Supplied data:
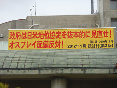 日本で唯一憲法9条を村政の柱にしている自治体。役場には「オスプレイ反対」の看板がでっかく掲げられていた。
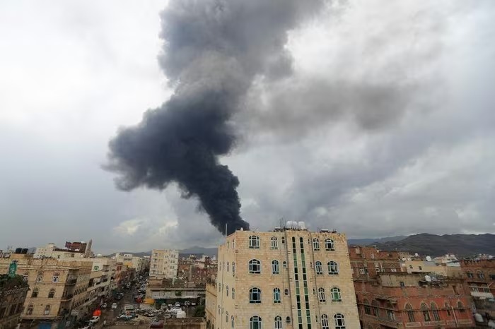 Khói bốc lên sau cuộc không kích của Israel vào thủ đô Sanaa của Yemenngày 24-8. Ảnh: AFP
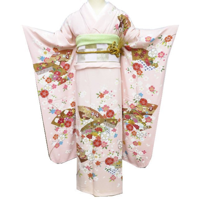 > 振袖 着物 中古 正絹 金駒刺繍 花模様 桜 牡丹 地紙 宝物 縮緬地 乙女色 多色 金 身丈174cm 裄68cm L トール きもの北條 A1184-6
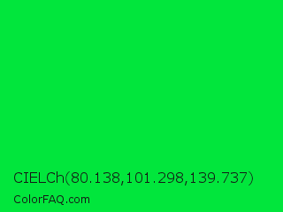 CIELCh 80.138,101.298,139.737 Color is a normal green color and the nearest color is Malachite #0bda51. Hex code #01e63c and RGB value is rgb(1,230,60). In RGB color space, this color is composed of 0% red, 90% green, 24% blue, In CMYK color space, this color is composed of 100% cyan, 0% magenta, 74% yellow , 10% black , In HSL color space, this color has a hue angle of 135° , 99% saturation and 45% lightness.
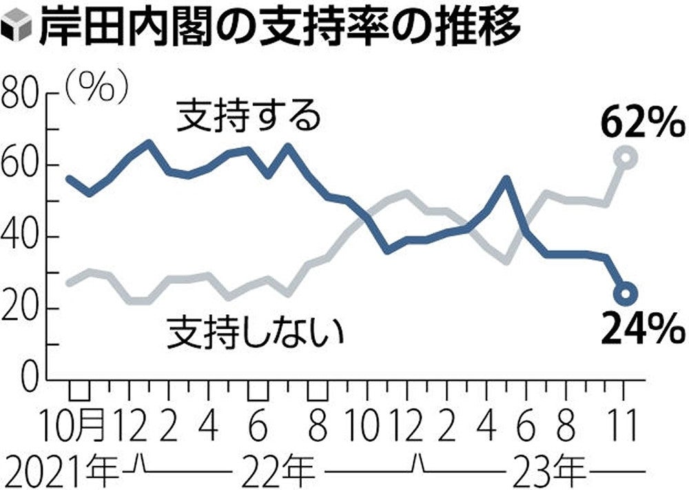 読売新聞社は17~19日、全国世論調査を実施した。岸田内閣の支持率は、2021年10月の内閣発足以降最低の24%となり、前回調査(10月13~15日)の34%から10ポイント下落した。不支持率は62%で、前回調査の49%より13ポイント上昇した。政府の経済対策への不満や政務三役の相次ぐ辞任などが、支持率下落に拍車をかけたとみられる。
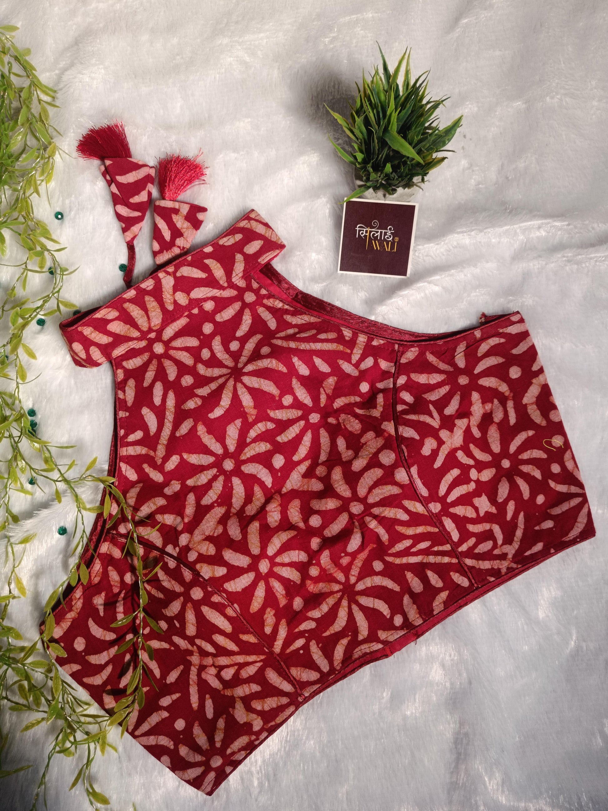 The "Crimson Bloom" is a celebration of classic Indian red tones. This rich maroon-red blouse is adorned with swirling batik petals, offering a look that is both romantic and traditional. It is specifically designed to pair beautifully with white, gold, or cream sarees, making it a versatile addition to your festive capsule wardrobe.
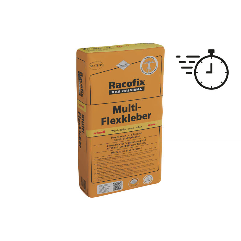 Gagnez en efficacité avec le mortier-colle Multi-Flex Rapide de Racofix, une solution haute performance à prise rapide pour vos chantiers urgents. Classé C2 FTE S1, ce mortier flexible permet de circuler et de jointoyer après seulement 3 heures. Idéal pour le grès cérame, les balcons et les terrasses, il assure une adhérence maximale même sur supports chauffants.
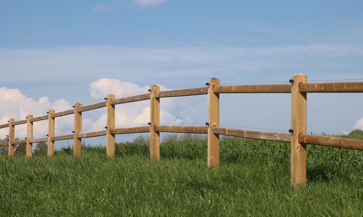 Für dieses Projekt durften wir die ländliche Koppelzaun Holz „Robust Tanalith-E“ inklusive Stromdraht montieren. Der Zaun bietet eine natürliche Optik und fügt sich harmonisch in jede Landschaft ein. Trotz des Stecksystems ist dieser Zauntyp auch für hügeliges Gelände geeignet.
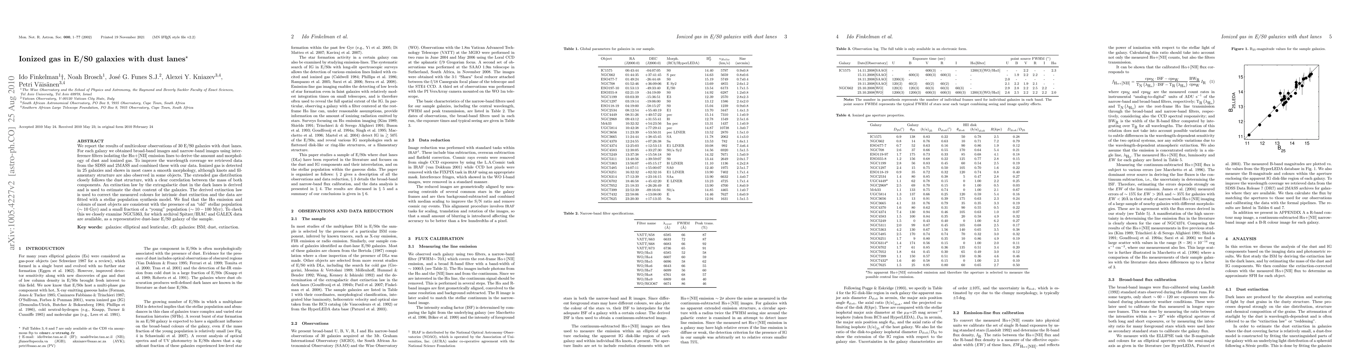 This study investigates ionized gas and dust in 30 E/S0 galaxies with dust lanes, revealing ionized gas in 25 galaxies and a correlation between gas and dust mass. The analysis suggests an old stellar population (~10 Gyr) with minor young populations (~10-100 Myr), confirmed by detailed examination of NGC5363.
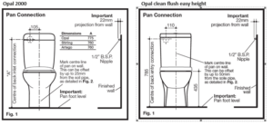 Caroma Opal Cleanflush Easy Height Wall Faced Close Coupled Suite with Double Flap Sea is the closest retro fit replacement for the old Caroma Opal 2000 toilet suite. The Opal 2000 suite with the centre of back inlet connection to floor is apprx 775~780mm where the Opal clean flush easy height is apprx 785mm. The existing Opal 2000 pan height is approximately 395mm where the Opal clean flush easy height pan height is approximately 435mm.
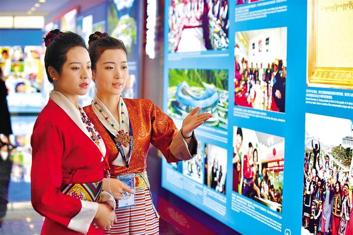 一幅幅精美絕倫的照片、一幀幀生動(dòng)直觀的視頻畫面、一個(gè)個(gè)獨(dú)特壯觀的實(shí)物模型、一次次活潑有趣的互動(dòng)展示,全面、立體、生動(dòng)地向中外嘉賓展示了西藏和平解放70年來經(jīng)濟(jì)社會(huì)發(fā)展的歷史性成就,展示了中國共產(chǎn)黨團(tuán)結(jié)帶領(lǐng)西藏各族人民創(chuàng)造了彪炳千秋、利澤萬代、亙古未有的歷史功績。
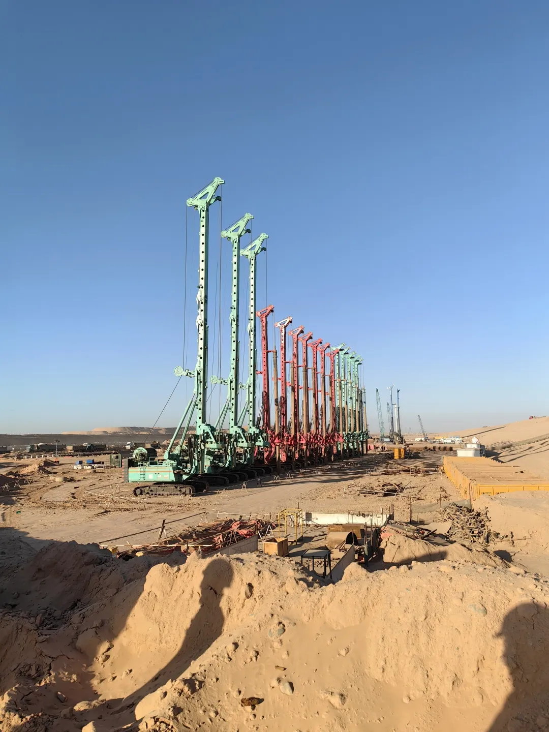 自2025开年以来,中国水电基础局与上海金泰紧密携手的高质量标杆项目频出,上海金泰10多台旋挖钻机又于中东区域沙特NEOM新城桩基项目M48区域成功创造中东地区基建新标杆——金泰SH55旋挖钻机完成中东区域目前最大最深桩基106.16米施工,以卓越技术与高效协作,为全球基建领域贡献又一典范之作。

Problem:
The answer must be the full listing retyped exactly, with no pictures in it.

Response area:
 日本で唯一憲法9条を村政の柱にしている自治体。役場には「オスプレイ反対」の看板がでっかく掲げられていた。
 Khói bốc lên sau cuộc không kích của Israel vào thủ đô Sanaa của Yemenngày 24-8. Ảnh: AFP
 > 振袖 着物 中古 正絹 金駒刺繍 花模様 桜 牡丹 地紙 宝物 縮緬地 乙女色 多色 金 身丈174cm 裄68cm L トール きもの北條 A1184-6
 CIELCh 80.138,101.298,139.737 Color is a normal green color and the nearest color is Malachite #0bda51. Hex code #01e63c and RGB value is rgb(1,230,60). In RGB color space, this color is composed of 0% red, 90% green, 24% blue, In CMYK color space, this color is composed of 100% cyan, 0% magenta, 74% yellow , 10% black , In HSL color space, this color has a hue angle of 135° , 99% saturation and 45% lightness.
 読売新聞社は17~19日、全国世論調査を実施した。岸田内閣の支持率は、2021年10月の内閣発足以降最低の24%となり、前回調査(10月13~15日)の34%から10ポイント下落した。不支持率は62%で、前回調査の49%より13ポイント上昇した。政府の経済対策への不満や政務三役の相次ぐ辞任などが、支持率下落に拍車をかけたとみられる。
 The "Crimson Bloom" is a celebration of classic Indian red tones. This rich maroon-red blouse is adorned with swirling batik petals, offering a look that is both romantic and traditional. It is specifically designed to pair beautifully with white, gold, or cream sarees, making it a versatile addition to your festive capsule wardrobe.
 Gagnez en efficacité avec le mortier-colle Multi-Flex Rapide de Racofix, une solution haute performance à prise rapide pour vos chantiers urgents. Classé C2 FTE S1, ce mortier flexible permet de circuler et de jointoyer après seulement 3 heures. Idéal pour le grès cérame, les balcons et les terrasses, il assure une adhérence maximale même sur supports chauffants.
 Für dieses Projekt durften wir die ländliche Koppelzaun Holz „Robust Tanalith-E“ inklusive Stromdraht montieren. Der Zaun bietet eine natürliche Optik und fügt sich harmonisch in jede Landschaft ein. Trotz des Stecksystems ist dieser Zauntyp auch für hügeliges Gelände geeignet.
 This study investigates ionized gas and dust in 30 E/S0 galaxies with dust lanes, revealing ionized gas in 25 galaxies and a correlation between gas and dust mass. The analysis suggests an old stellar population (~10 Gyr) with minor young populations (~10-100 Myr), confirmed by detailed examination of NGC5363.
 Caroma Opal Cleanflush Easy Height Wall Faced Close Coupled Suite with Double Flap Sea is the closest retro fit replacement for the old Caroma Opal 2000 toilet suite. The Opal 2000 suite with the centre of back inlet connection to floor is apprx 775~780mm where the Opal clean flush easy height is apprx 785mm. The existing Opal 2000 pan height is approximately 395mm where the Opal clean flush easy height pan height is approximately 435mm.
 一幅幅精美絕倫的照片、一幀幀生動(dòng)直觀的視頻畫面、一個(gè)個(gè)獨(dú)特壯觀的實(shí)物模型、一次次活潑有趣的互動(dòng)展示,全面、立體、生動(dòng)地向中外嘉賓展示了西藏和平解放70年來經(jīng)濟(jì)社會(huì)發(fā)展的歷史性成就,展示了中國共產(chǎn)黨團(tuán)結(jié)帶領(lǐng)西藏各族人民創(chuàng)造了彪炳千秋、利澤萬代、亙古未有的歷史功績。
 自2025开年以来,中国水电基础局与上海金泰紧密携手的高质量标杆项目频出,上海金泰10多台旋挖钻机又于中东区域沙特NEOM新城桩基项目M48区域成功创造中东地区基建新标杆——金泰SH55旋挖钻机完成中东区域目前最大最深桩基106.16米施工,以卓越技术与高效协作,为全球基建领域贡献又一典范之作。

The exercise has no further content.